Assessment of BMI is clinically relevant for several reasons. The Ann Arbor staging system includes BMI as a criterion for the highest clinical stage (stage IV) of DLBCL, while the International Prognostic Index (IPI) [6] uses it to stratify patients. In addition, the presence or absence of BMI might affect treatment strategy and can be used to monitor treatment effects. In PET/CT-based staging, DLBCL is listed as FDG-avid disease subtype alongside Hodgkin lymphoma [5], making PET/CT scanning useful in this patient group. This fact notwithstanding, prognostic indices such as IPI use BMB results as a measure of BMI.
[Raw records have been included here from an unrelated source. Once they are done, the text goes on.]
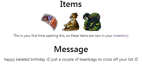 [b]Belated but appreciated gifts below[:/b] Thank you to who sent me this cute little package: Now I have a beanbag for my gallery as well as my collection! ^o^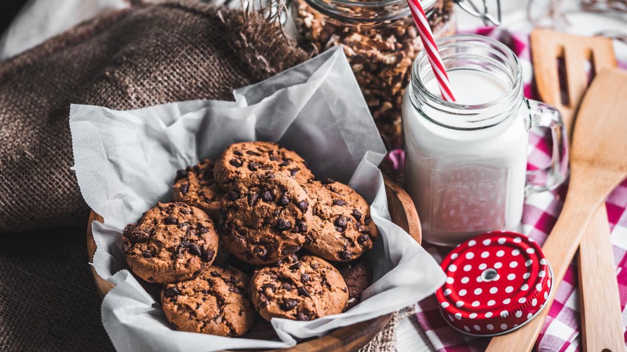 Wallpaper Tasty cookies with chocolate on a table with milk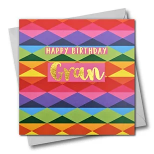 Claire Giles Happy Birthday babcia, kolorowe diamenty, kartka z życzeniami z tekstem foliowana w błyszczące złoto COL034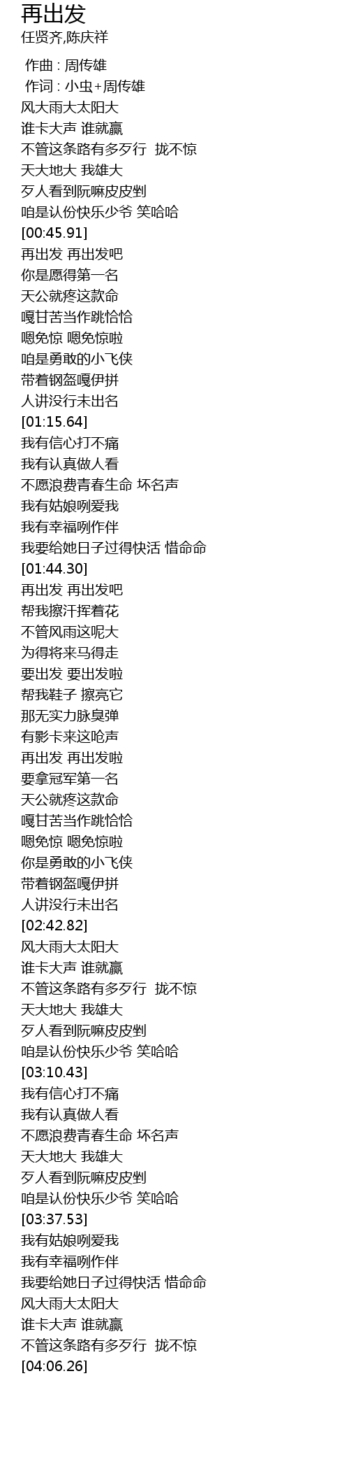 | [01:45.64] | zai chu fa zai chu fa ba |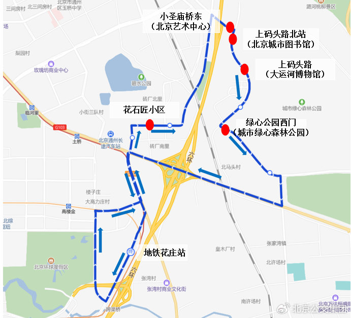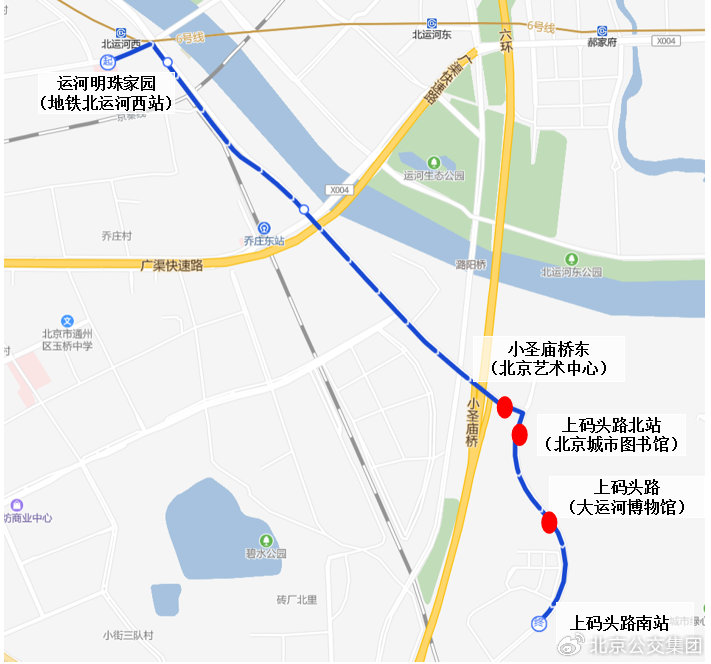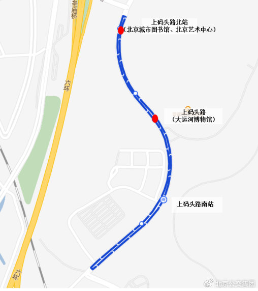 沿途设站:上码头路南站-上码头路(大运河博物馆)-上码头路北站(北京城市图书馆、北京艺术中心)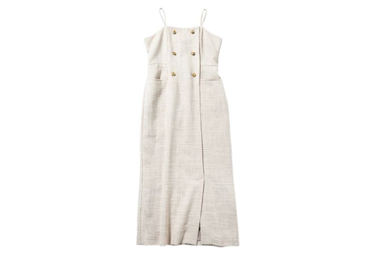 ツイード流行第2シーズンの今季だからこそ挑戦したいのが、これまた旬のビスチェ。たっぷりしたフレアスカートとのセットで、レディなテンションを爆上げして!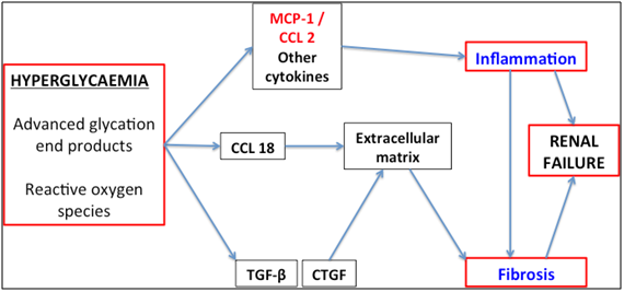Figure 1 Pathogenesis of diabetic nephropathy. Hyperglycaemia results in the production of advanced glycation end products and reactive oxygen species, leading to cell signaling and release of MCP-1, TGF-β and CTGF. These cytokines have key roles in the inflammatory and fibrotic processes that are part of diabetic nephropathy. CCL2: CC chemokine ligand 2; TGF-β: Transforming Growth Factor Beta; CTGF: Connective Tissue Growth Factor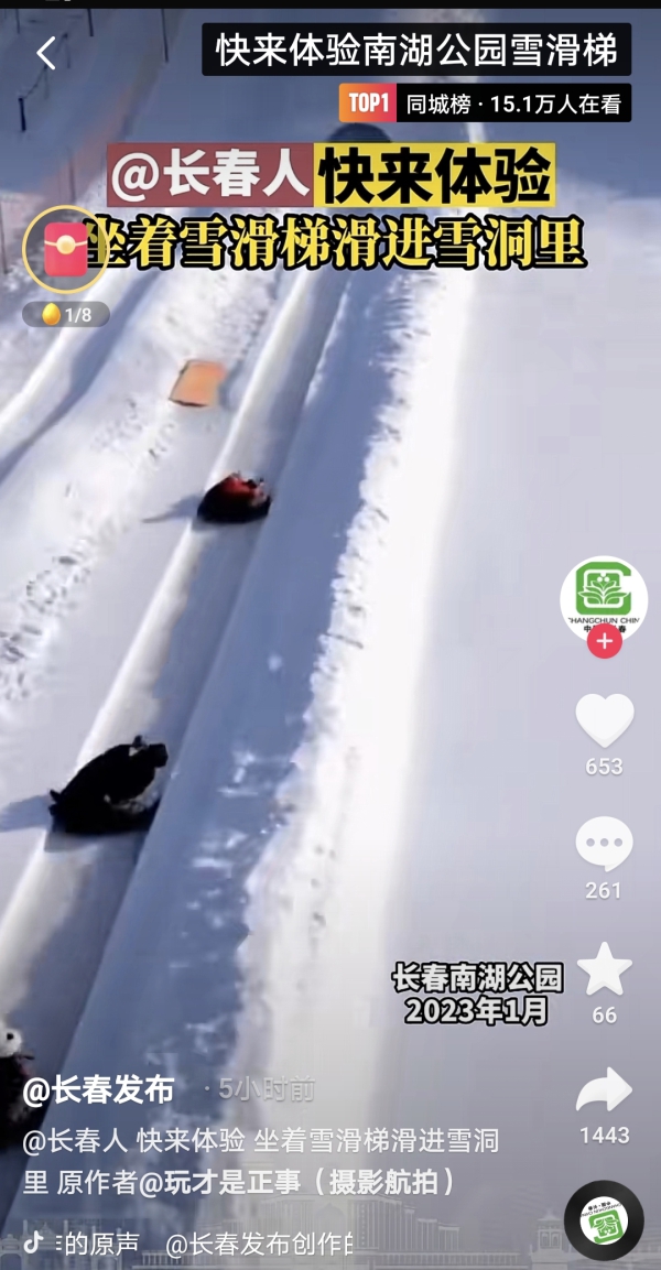 2023年,咱大长春的南湖公园冲上了抖音同城榜的TOP1,浏览量达到400多万了。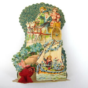 Antique Valentine Honeycomb 3D Pop Up Ship Boy Sailor Suit Girls Carriage LARGE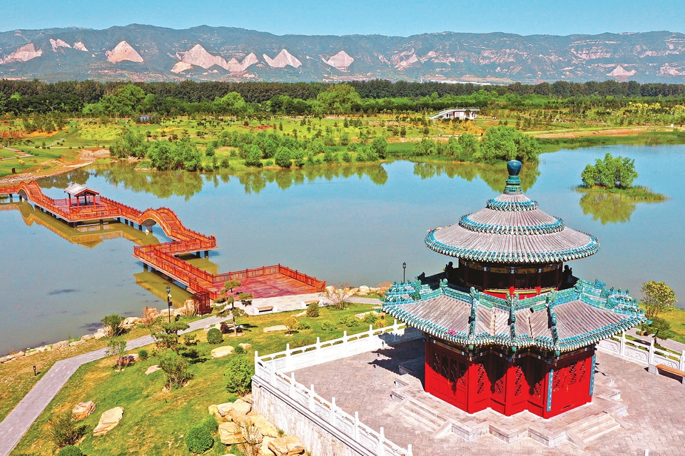 6月13日,在太原汾河景區(qū)四期工程望岳閣畔,一座木結構景觀橋猶如江南水鄉(xiāng)景色,連廊臥波于汾河之上,為長達十公里的汾河四期工程增添了浪漫畫卷。(記者劉通攝)
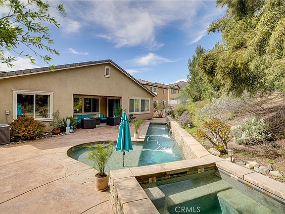Your Dream Oasis awaits in the Highlands Community! Welcome to your stunning single-story retreat that embodies luxury and relaxation. This exquisite home, built in 2015, features a private backyard oasis that will take your breath away. Imagine unwinding in your sparkling lap pool or soaking in the large spa, surrounded by serene landscaping and no rear neighbors—perfect for ultimate privacy. The grand entrance sets the stage for the elegance and sophistication that flows throughout. The open floor plan is designed for entertaining and cozy family gatherings, with beautiful plank flooring and custom wood shutters. The heart of this home is the expansive kitchen, complete with a large center island, stainless steel appliances, granite countertops, and an abundance of cabinetry. It seamlessly connects to the inviting family room, where a cozy fireplace and entertainment niche create the ideal space for relaxation and connection. Retreat to the spacious primary suite, with direct access to the backyard, an ensuite bathroom with dual vanities, a soaking tub, a separate shower, and a generous walk-in closet. The flexible bedroom layout includes a separate wing with its own full bath, making it perfect for multi-generational living, guest accommodations, or a private home office. Nestled on a quiet hillside, this home offers a remarkable level of privacy and tranquility. The covered outdoor space and custom concrete patio is perfect for hosting gatherings or enjoying quiet evenings under the stars. Additional highlights include a 3-car garage with epoxy-sealed floors, a fire-sprinkler system for safety, and fully paid off solar. This is a rare opportunity to own a turnkey home with exceptional features in a highly desirable location. Don't miss your chance to experience the lifestyle you deserve—come see it today!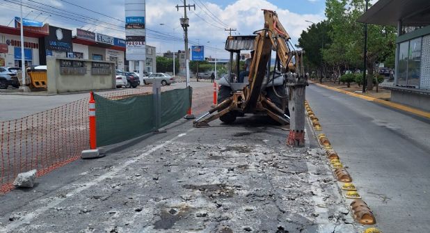 Los trabajos que se realizan consisten en excavación, retiro, suministro de materiales y colocación de concreto nuevo en el carril central y el pegado a banqueta.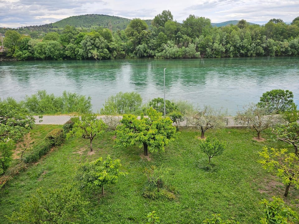 . Inace je grad Capljina jedan prekrasan grad, a nas gazda ima prekrasnu kuću, ispred koje se nalazi uređena šetnica, uz koju tece Neretva i puno ljudi tu navecer seta i vjezba. U vrtu kuće se može sjediti i tu je posadeno prekrasno cvijeće. Takoder se tu nalaze kafici i restoran.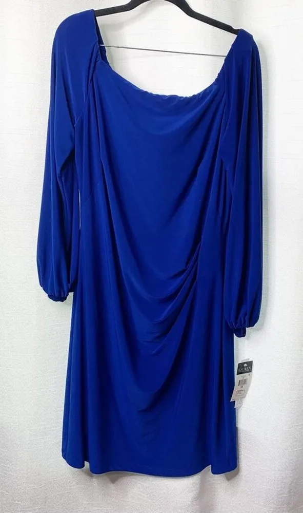 Lauren Ralph Lauren blue ruched long‎ sleeves boat neck jersey dress size 16 - $57 New With Tags - From Snob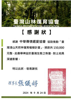 113.10.08贊助台灣山林復育協會—大肚山森林復育中心及海岸天然林復育植樹愛山林計劃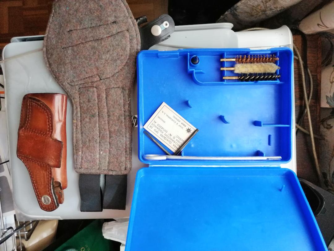 Vendo caja de pistola Firestar en el estado y con los elementos de limpieza que se ven en la foto, mas dos fundas de piel, una de cinturón y otra tobillera sin estrenar. Precio del lote 50,-- €, nuevo precio 40,--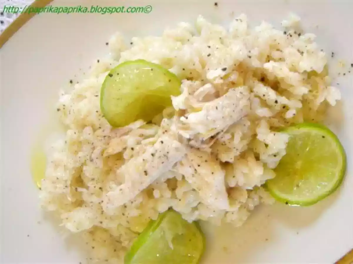 Menu di natale : risotto al branzino e lime vota adesso PrecedenteProssimo Portata principalefacile50 min Invia questa ricetta ad un amico Stampa la ricetta Contatta l'autore della Ricetta Pubblica la foto di questa ricetta Ingredienti 3 300 g Riso vialone nano 1 grosso branzino 1,5 l di court bouillon 3-4 lime 1 scalogno olio d'oliva extravergine sale, pepe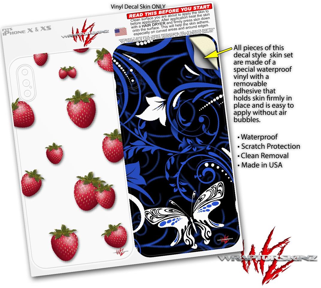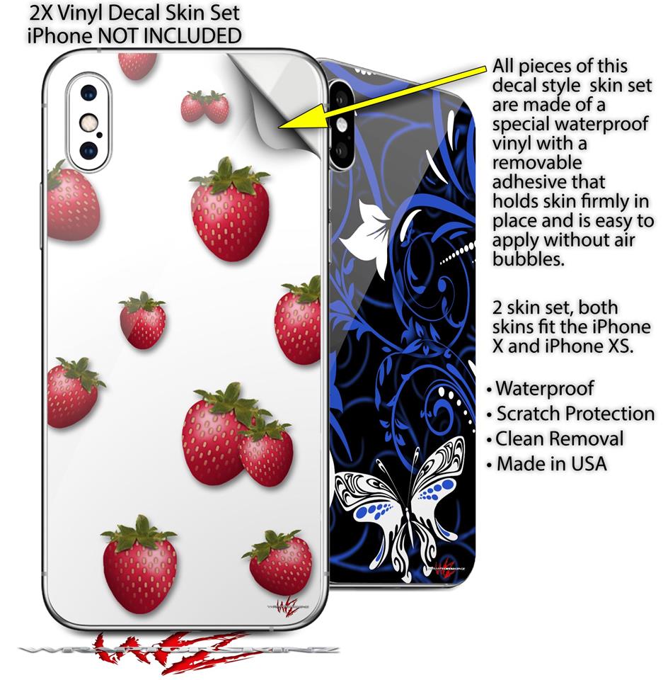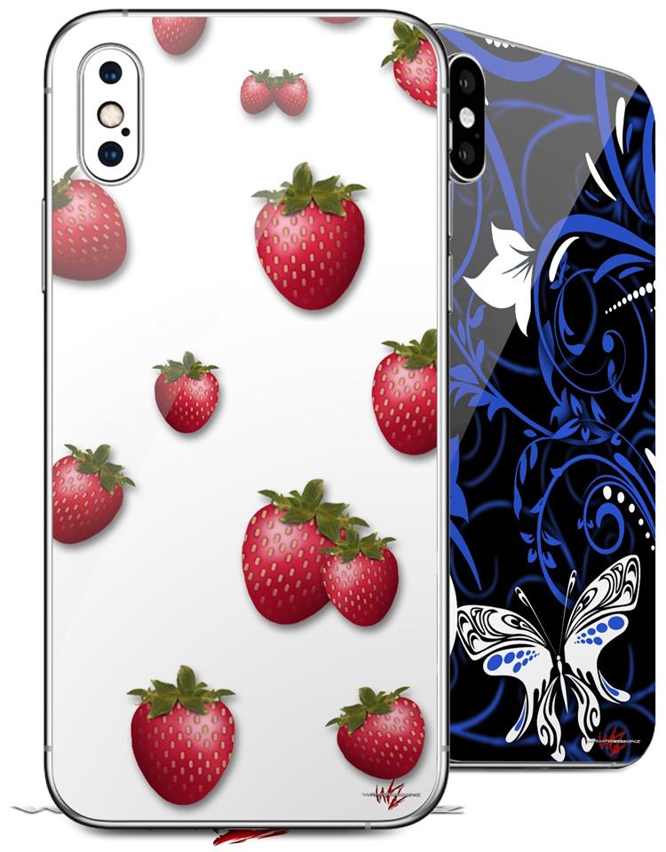 2 Decal style Skin Wraps set compatible with Apple iPhone X and XS Strawberries on White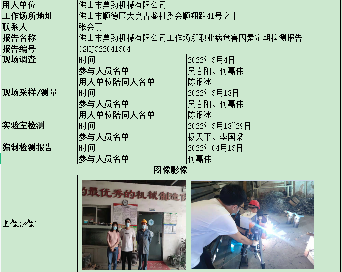 佛山市勇劲机械有限公司定期检测报告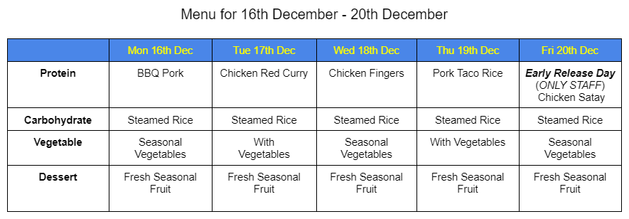 MENU FOR DECEMBER
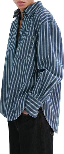 An oversized silhouette furthers the relaxed, retro vibe of this nonstretch-denim shirt patterned with impeccable stripes.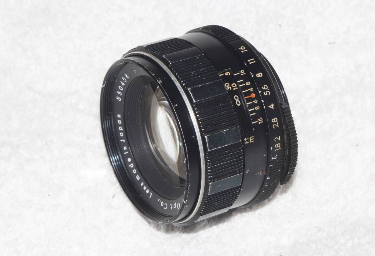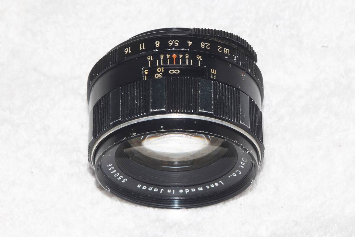 商品説明 | ペンタックス オートタクマー AUTO TAKUMAR 55mm F1.8 です。 M42スクリューマウントです。 レンズはカビ、キズ、クモリなどは感じられず良好です。微細なチリの混入はありますが写りには影響ないレベルです。 外観も概ね良好です。少しスレあります。 ヘリコイド・絞りの動作は良好です。 レンズ本体のみとなります。キャップは付属しません。 発送はゆうパック(元払い60サイズ持込)、もしくはレターパックプラスです。 | |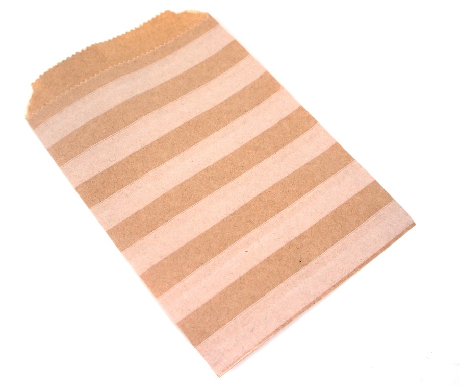 S_610008C - PAPER BAGS BROWN STRIPE - 13.5x10 (100st)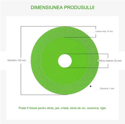 Disc diamantat pentru flex, de taiat sticla si cristal,125 latime nisip 15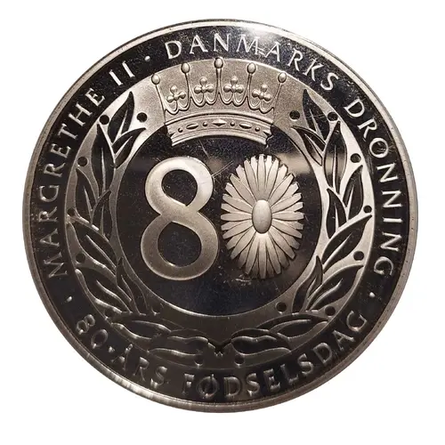 | Leyenda del anverso | Margrethe II, Danmarks dronning, 80-ARS FODSELSDAG (Translation: Margrethe II, Queen of Denmark, 80th Birthday) |

The main advantage of BMB is the acquisition of histological specimen. Positive BMB is a definitive confirmation of BMI.4 In cases of positive BMB, discrimination of discordant or concordant involvement is also possible. Nevertheless, BMB is an invasive procedure associated with pain and stress.4 In addition, focal involvement detected by PET/CT scan can be missed by BMB. Due to required decalcification, BMB-based diagnosis is time-consuming. Although PET/CT allows to non-invasively surveil the entire bone marrow, it is associated with high risk of false-positive and/or false-negative results. This study examined whether PET/CT alone is enough in evaluating BMI in patients with DLBCL.
Materials and methods
This study was approved by the Medical Ethics Committee at St. Marianna University School of Medicine. While previous reports discussing the role of PET/CT and BMB as staging tools in patients with untreated DLBCL have used data based on medical records, here we performed a systematic review, for whom a radiologist (T.K.) and a hematopathologist (N.N.), both from external institutions, separately performed blind reviews. Both reviewers had been informed about the purpose of this study and blinded to each other’s and initial PET/CT and BMB findings. Pathological review was performed using specimens stained by hematoxylin–eosin and CD20 in all cases. Bone marrow invasion was reported if at least a cluster of large-sized lymphocytes with CD20 expression, excluding reactive lymph follicles, was present. We did not refer to the results of BM smear, flow cytometry, and cytogenetic analysis in this study.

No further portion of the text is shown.